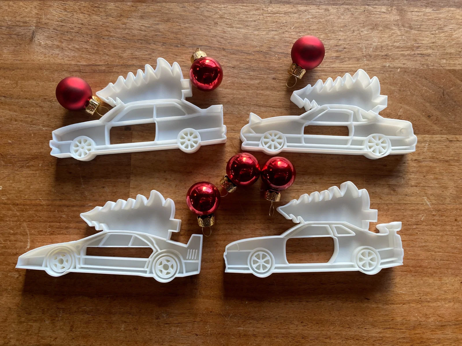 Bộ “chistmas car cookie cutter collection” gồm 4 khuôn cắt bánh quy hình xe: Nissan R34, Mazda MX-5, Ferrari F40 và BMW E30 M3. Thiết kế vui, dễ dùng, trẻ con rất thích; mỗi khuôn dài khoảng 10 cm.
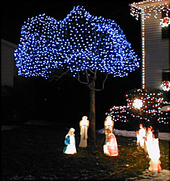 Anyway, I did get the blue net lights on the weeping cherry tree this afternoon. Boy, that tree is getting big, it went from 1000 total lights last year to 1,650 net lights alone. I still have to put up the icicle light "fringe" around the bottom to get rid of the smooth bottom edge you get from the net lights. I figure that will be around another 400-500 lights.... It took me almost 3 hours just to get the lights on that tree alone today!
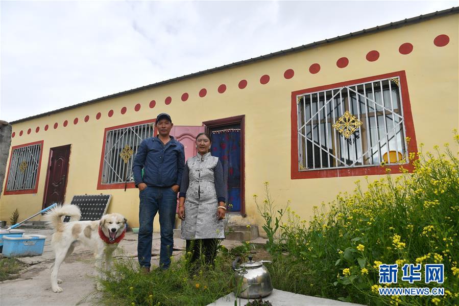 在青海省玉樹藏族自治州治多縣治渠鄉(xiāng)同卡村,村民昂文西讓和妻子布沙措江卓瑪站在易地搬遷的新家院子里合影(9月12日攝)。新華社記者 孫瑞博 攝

REQUIRED ACTION —
Reproduce verbatim every line starting at the line that holds "Anyway, I did" and ending with the final line of the data; omit the pictures.

EXERCISE SOLUTION —
 Anyway, I did get the blue net lights on the weeping cherry tree this afternoon. Boy, that tree is getting big, it went from 1000 total lights last year to 1,650 net lights alone. I still have to put up the icicle light "fringe" around the bottom to get rid of the smooth bottom edge you get from the net lights. I figure that will be around another 400-500 lights.... It took me almost 3 hours just to get the lights on that tree alone today!
 在青海省玉樹藏族自治州治多縣治渠鄉(xiāng)同卡村,村民昂文西讓和妻子布沙措江卓瑪站在易地搬遷的新家院子里合影(9月12日攝)。新華社記者 孫瑞博 攝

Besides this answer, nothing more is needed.